Dr. Henry Fehrenbach: Das sind beispielsweise Bakterieninfektionen durch Keime wie den Escherichia-coli-Stamm EHEC. Schon die Aufnahme weniger EHEC-Bakterien kann zu einem akuten Nierenversagen führen, dem sogenannten hämolytisch-urämischem Syndrom, kurz HUS.

 

Was genau versteht man darunter?

Dr. Henry Fehrenbach: HUS ist eine Erkrankung, die in der Regel bei Kindern auftritt. Dabei entstehen aufgrund von Giftstoffen, die in den EHEC-Bakterien gebildet werden, im ganzen Körper Entzündungen und Verletzungen der kleinsten Blutgefäße. Diese versucht der Körper durch die Bildung kleiner Blutgerinnsel zu reparieren, die dann die Blutversorgung lebenswichtiger Organe wie des Gehirns, des Herzens und vor allem der Nieren blockieren. Es kann zum Versagen lebenswichtiger Organe führen – in seltenen Fällen sogar mit Todesfolge.

 

Wie häufig kommt das vor?

Dr. Henry Fehrenbach: Wir behandeln in Memmingen jedes Jahr rund fünf Kinder mit akutem Nierenversagen durch HUS. Allein in diesem Sommer hatten wir drei, an HUS erkrankte Kleinkinder. Darunter ein erst eineinhalbjähriges Kind, das deswegen dauerhaft an der Dialyse (Blutwäsche) bleiben muss. Leider erkranken in Deutschland jedes Jahr rund 100 bis 150 Kinder an dem hämolytisch-urämischem Syndrom. Die Sterblichkeit liegt bei etwa zwei Prozent.

 

Wie kann man solch einer Erkrankung vorbeugen?

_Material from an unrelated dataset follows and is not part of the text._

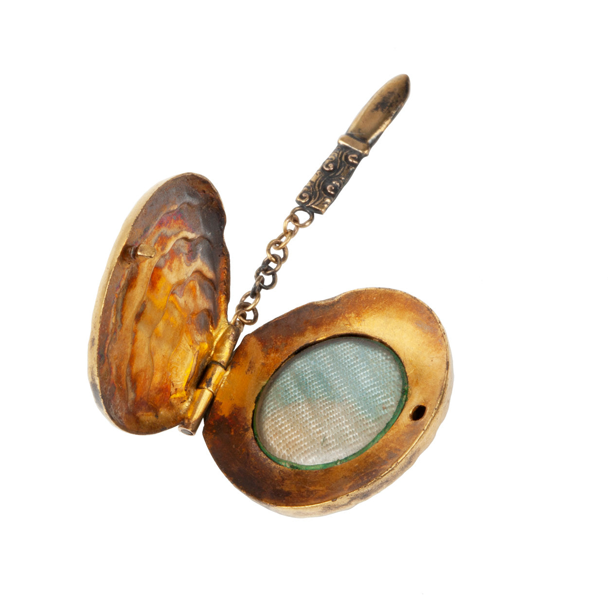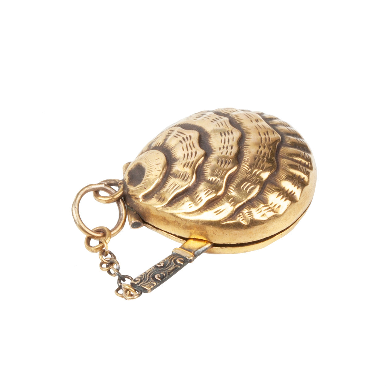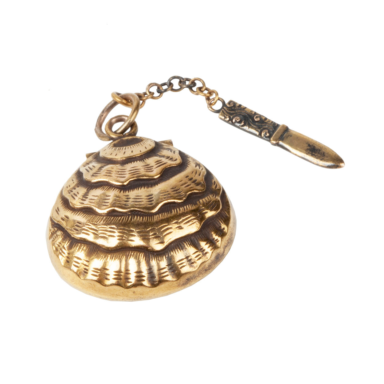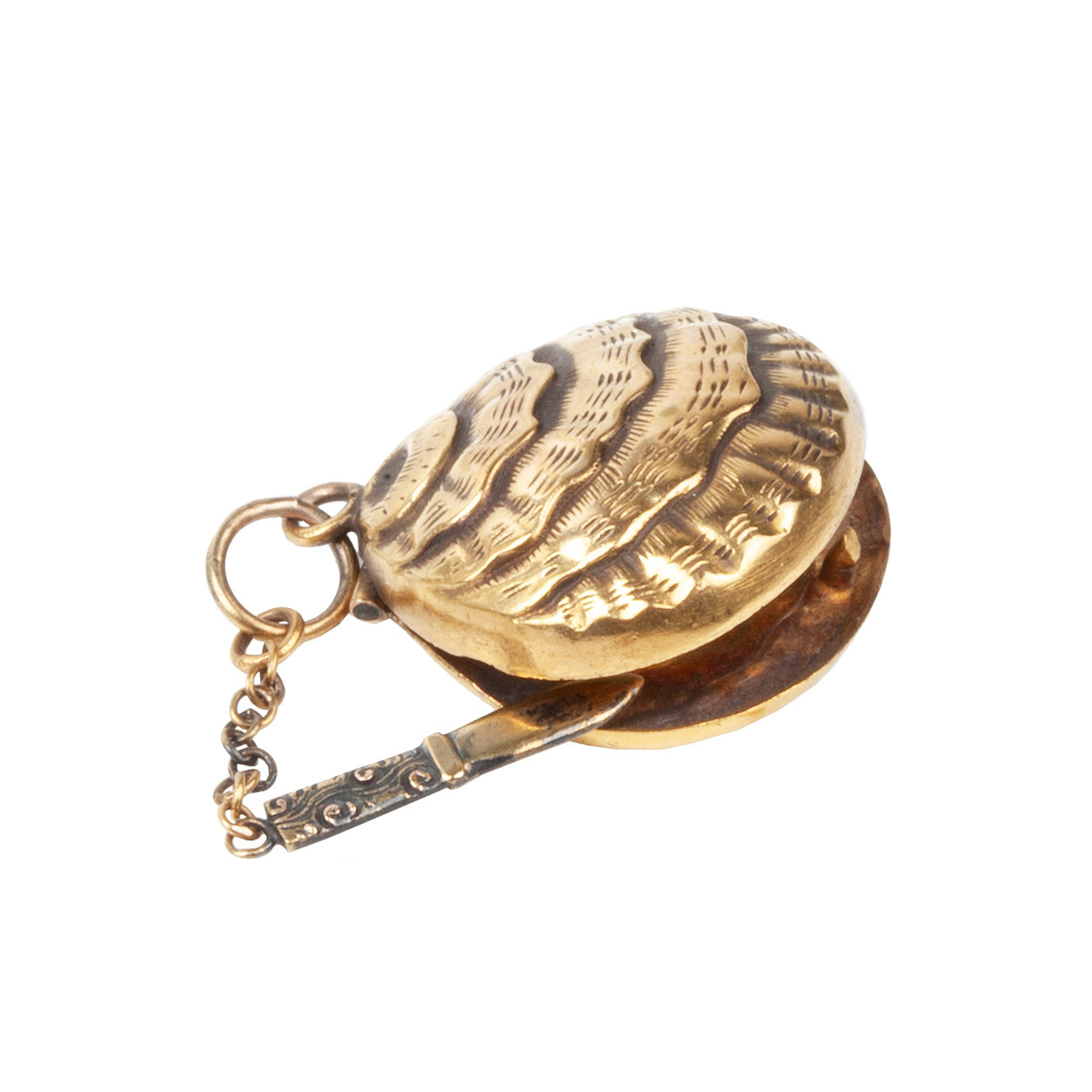 Early Victorian era oyster locket charm, in gold. The oyster locket opens with a tiny oyster knife charm. The original frames and glass are intact and personal images can be placed in the locket compartments. English in origin. Circa 1840.

Dr. Henry Fehrenbach: Das Erregerreservoir der EHEC Bakterien befindet sich vor allem in den Fäkalien von Wiederkäuern und Paarhufern. Daher kann insbesondere der Verzehr von Rohmilch und Rohmilchprodukten gefährlich sein. Kinder, vor allem Kleinkinder bis zum fünften Lebensjahr, sollten daher Rohmilch und Rohmilchprodukte meiden. Das wird so auch von den Gesundheitsämtern und dem Robert-Koch-Institut (RKI) empfohlen. Rohmilch muss vor dem Verzehr mindestens zwei Minuten lang über 70 Grad erhitzt werden, damit die Bakterien abgetötet werden. Auch nach einem Stallbesuch oder einem Besuch im Streichelzoo sollte man sich gut die Hände mit Seife waschen, denn auch dort kann man mit Fäkalien-infiziertem Fell in Kontakt kommen. Ich würde mir sehr wünschen, dass solche Vorsichtsmaßnahmen gerade bei Bauernhof-Besuchen von Kindergartengruppen oder Schulklassen ernst genommen werden würden.

 

 

KfH-Nierenzentrum für Kinder und Jugendliche Memmingen:

Das KfH-Nierenzentrum für Kinder und Jugendliche am Klinikum Memmingen ist eines von 17 auf Kindernephrologie spezialisierten KfH-Zentren in Deutschland, drei davon in Bayern. In Kooperation mit den jeweiligen Universitäts- bzw. Kinderkliniken vor Ort wird in diesen KfH-Zentren das gesamte Spektrum der Diagnostik und Therapie von Nierenerkrankungen bei Kindern und Jugendlichen abgedeckt und auf die besonderen Bedürfnisse der jungen Patienten eingegangen.

Das Kindernierenzentrum am Klinikum Memmingen wurde 1989 gegründet und befindet sich seit 2009 in Trägerschaft des KfH Kuratorium für Dialyse und Nierentransplantation e.V.